Regulatory posture

Built for the EU AI Act.

The AI Act classifies AI for diagnosis and clinical decision support as high-risk, and mandates logging, transparency, human oversight, and demonstrable accuracy. Most tools will retrofit those. Axiisium started there.

The Act is not a threat to an audit-grade product. It is a tailwind. Every requirement it places on high-risk clinical AI, Axiisium already treats as the point of the product, not a compliance tax bolted on afterward.

Art. 12 & 19 · Record-keeping

Automatic, durable logs

High-risk systems must automatically log events and retain them for at least six months.
Axiisium binds every decision to a signed, tamper-evident record, anchored to an external append-only log. Not just retained: independently verifiable, by anyone, without trusting us.
Art. 13 · Transparency

Legible capabilities and limits

Operation must be transparent: intended purpose, accuracy level, and limitations disclosed to the deployer.
Each call shows which signal drove it, a calibrated confidence, the WHO 2022 / ICC 2022 rationale, and states plainly what is assumed and what is deferred.
Art. 14 · Human oversight

The clinician decides

Systems must let a competent human monitor operation, catch anomalies, and intervene.
A qualified clinician makes the diagnosis; a confirmatory assay gates any decision; the model ranks who to sequence but never makes the genetics call. Fail-safe by architecture, not by policy.
Art. 15 · Accuracy & robustness

Measured, not asserted

Appropriate accuracy, robustness, and cybersecurity, declared and evidenced.
Morphology validated at literature level (0.894 ±0.066 AUROC, patient-grouped, leakage-free), calibrated confidence bands, and a configurable recall-floor that bounds the false-negative rate.
Art. 9 · Risk management

Safe by construction

A continuous risk-management process across the lifecycle.
The ranking cannot itself drive an unconfirmed clinical action: mandatory confirmatory gating and the recall-floor are properties of the pipeline, and it defers hard markers to the assay.
Art. 10 · Data governance

Provenance of the inputs

Training and evaluation data governed for quality and representativeness.
Validation is patient-grouped and leakage-free, and each signed record carries a digest of the exact inputs that produced the call.
Timeline

When it applies.

Aug 2026Core high-risk obligations apply in full: conformity assessment, technical documentation, and human oversight.
Aug 2027Extended transition for AI already regulated as a medical device under the MDR / IVDR that requires Notified Body assessment.
In fluxThe Commission's Digital Omnibus may adjust the high-risk timeline as harmonised standards mature; we track it.Update · Jun 2026The European Parliament approved Omnibus amendments shifting the deadline for AI embedded as safety components in medical devices to August 2, 2028.
⚖️ Regulatory Status & Compliance Philosophy

Axiisium is Research Use Only (RUO) today. It is not yet conformity-assessed as an in vitro diagnostic or medical device.

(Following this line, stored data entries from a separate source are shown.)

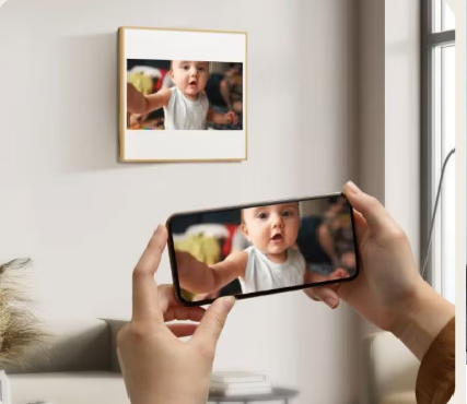 een vierkante lijst aan de muur, waarop u foto’s uit een album kunt bekijken of zelfs rechtstreeks van uw telefoon kunt streamen. Van enkele lijst tot onopvallend object tussen meerdere schilderijen. Zie de prachtige foto impressie hieronder.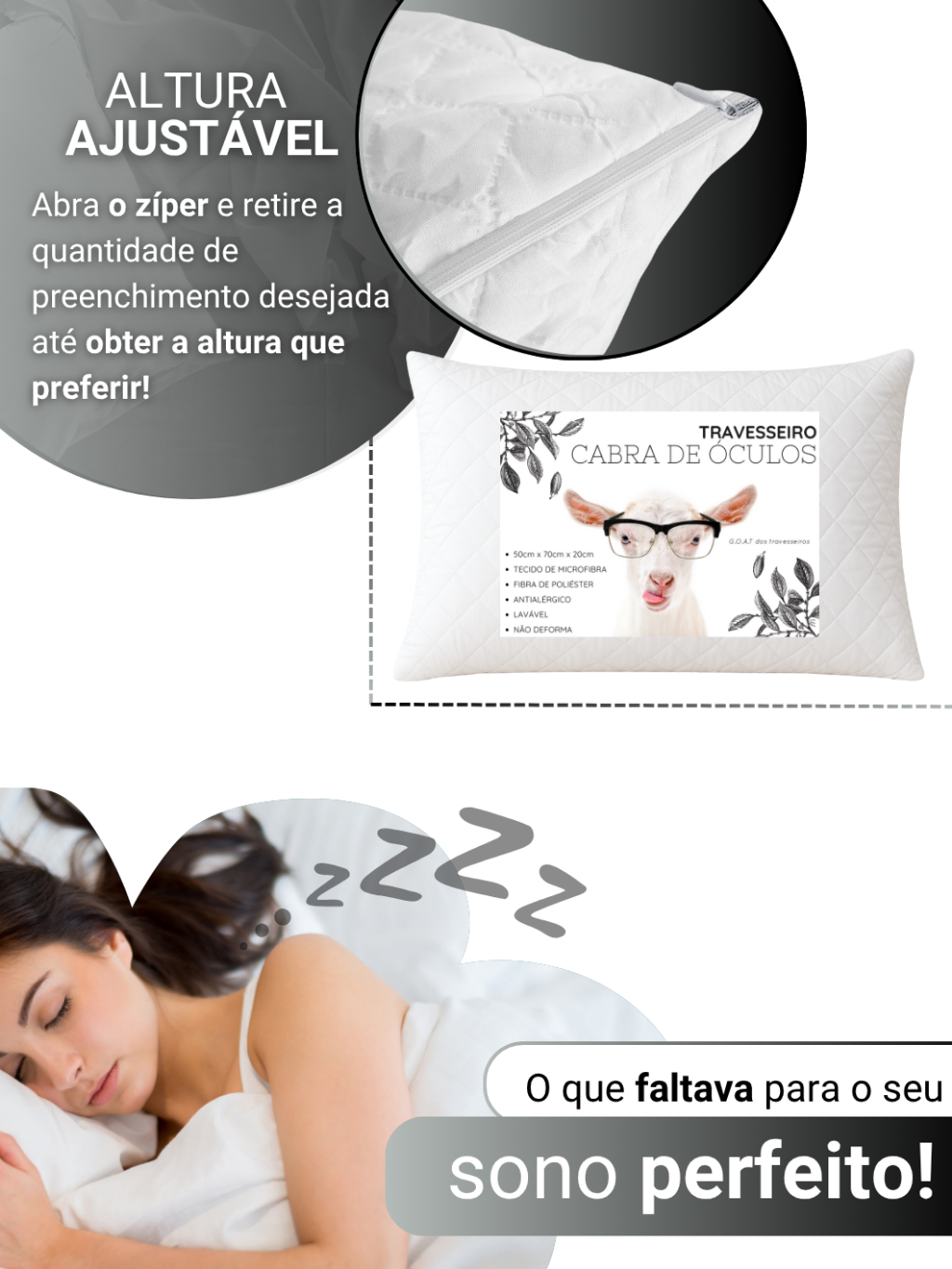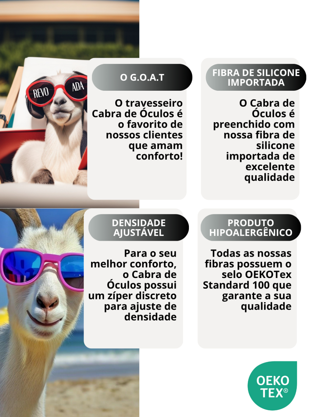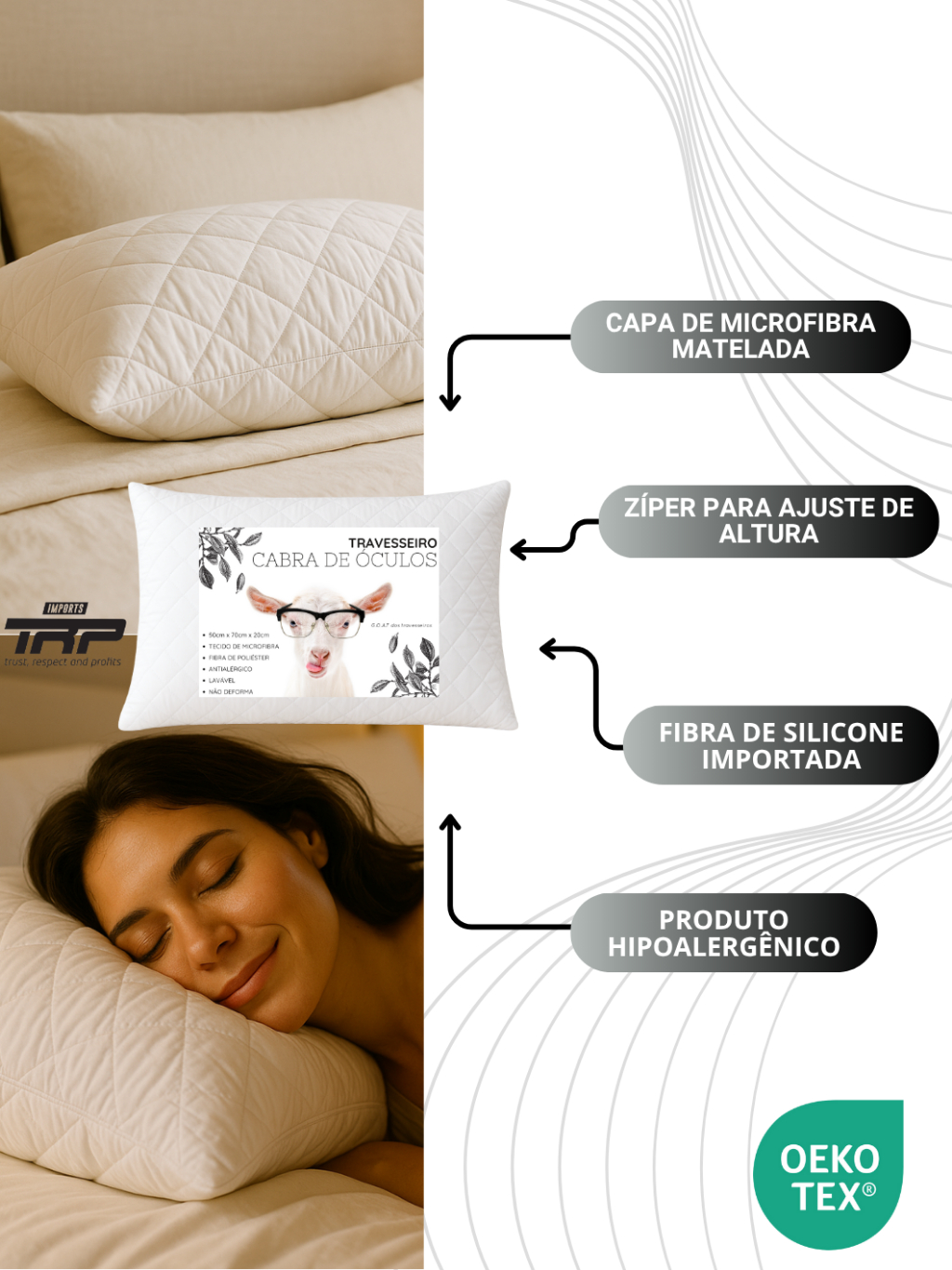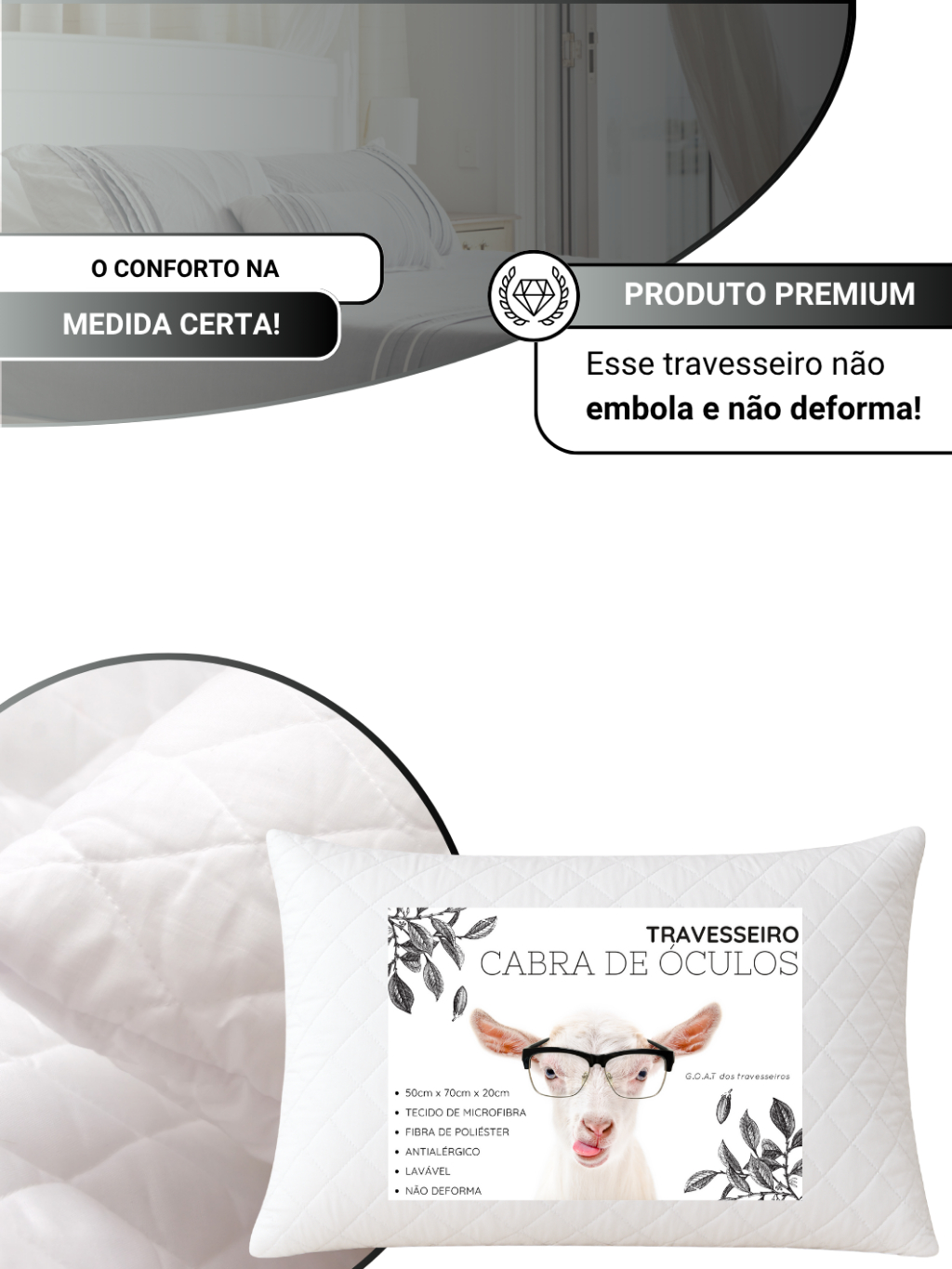 Kit 2 Travesseiros Macios Fibra de Silicone Antialérgica Cabra De Óculos 50x70cm Lavável em Maquina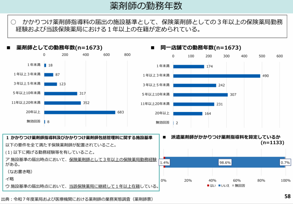 - 保険薬剤師としての3年以上の保険薬局勤務経験および当該保険薬局における1年以上の在籍が定められている。この要件が足かせとなり、「患者の主体的な選択」を妨げている可能性がある。
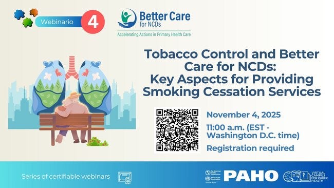 Join us on Tuesday, November 4, 2025, at 11:00 a.m. (EST) for the Tobacco Control and Better Care for NCDs: Key Aspects for Providing Smoking Cessation Services webinar, the fourth webinar in a series of five certifiable webinars from the Better Care for NCDs Initiative.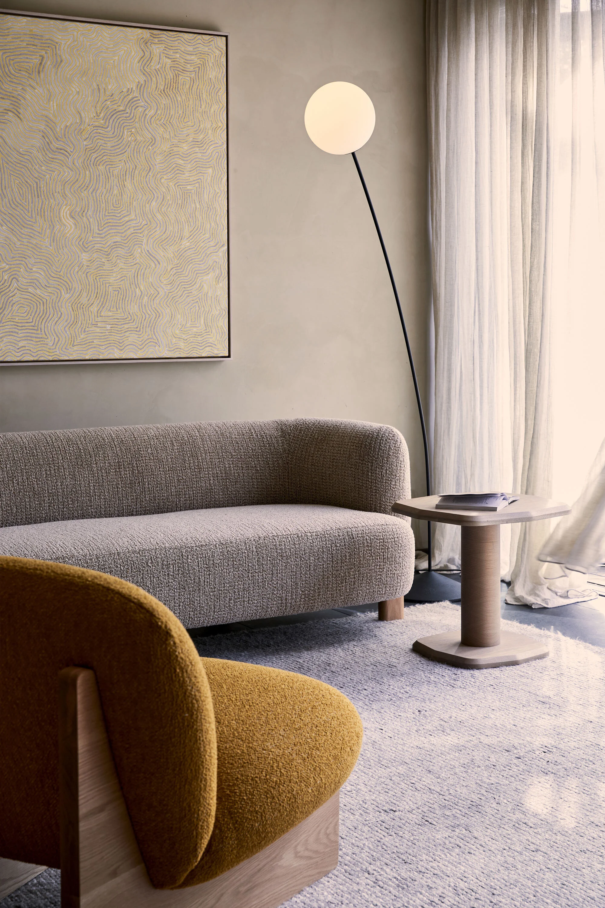‘The edges are softened for winter, curves and organic shapes feel more peaceful and easier to live with; heavy boucles and slubby wools cover ottomans like moss over spherical orbs and nestle, naturally next to naive forms in oversized proportions - as if the furniture too has prepared for the winter lockdown,’ says Jardan.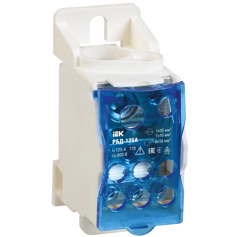 блок распределительный на DIN-рейку/монтажную панель, защита IP20, сечение подкл. проводников на входе: 1х35, 1х16 кв.мм, номинальное напряжение: 660 В, номинальный ток: 125 А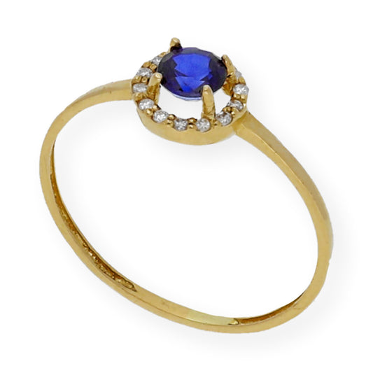 Anillo Isabella Oro 18K con Zafiro y Orla de Diamantes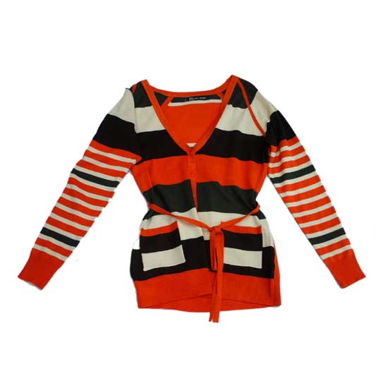 This ladies' cardigan is made mainly of viscose for a soft texture and good warmth-keeping quality. The allover patterns in contrasting tones lend a stylish touch to the design, while the self-tied strap around the waist creates a flattering curvature. This beautiful cardigan is an easy-to-match piece for casual and semi-formal occasions.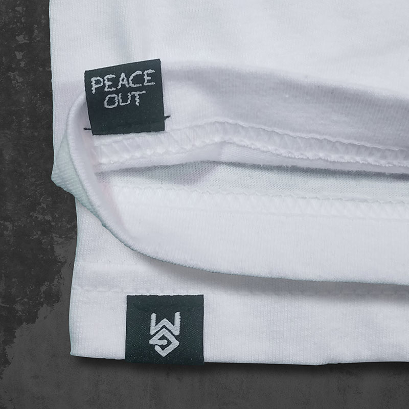 Screenprinted on a comfy white 100% cotton tee.

What we are claiming is narrow and true: the core architecture is already natively shaped around high-risk regulatory requirements. Transitioning Axiisium from RUO to a fully regulated clinical product is strictly a matter of execution, conformity assessment, and rigorous documentation, not an architectural rebuild. The auditable, human-gated, meticulously logged core is not a superficial feature we add later to pass the EU AI Act or IVDR. It is the fundamental foundation we started from.